Prev: Multi-core lag for Left 4 Dead 1 and 2 and Quake 4 on AMD X23800+ processor... why ?
Next: Which is the most beautiful and memorable hardware structure in a CPU?

From: Stephen Fuld on 5 Apr 2010 16:20

On 4/5/2010 9:19 AM, nmm1(a)cam.ac.uk wrote:
> In article<hpd162$n2s$1(a)news.eternal-september.org>,
> Stephen Fuld<SFuld(a)Alumni.cmu.edu.invalid> wrote:
>>
>> To your list of advantages of paging, I would add the elimination of
>> memory fragmentation.
>
> Eh?

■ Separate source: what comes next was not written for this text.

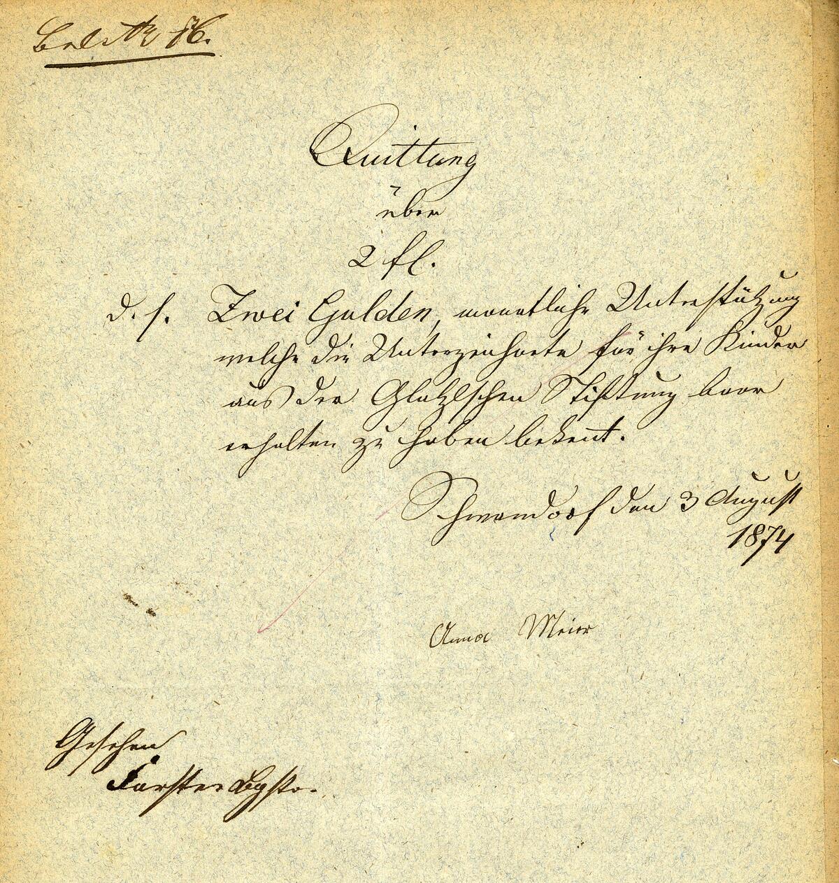 Beispiel: Die Hebamme Theresia List erhält einen Gulden Jahresgehalt aus der Seel- und Almosenstiftung.

Not merely does it not eliminate it, it can make it worse!
> The dogma that page tables must not be visible to the programmer
> has made a lot of memory tuning nigh-on impossible for as long as
> demand paging has been around.
>
> As the Atlas/Titan showed, virtual memory without demand paging
> eliminates memory fragmentation just as well as demand paging does.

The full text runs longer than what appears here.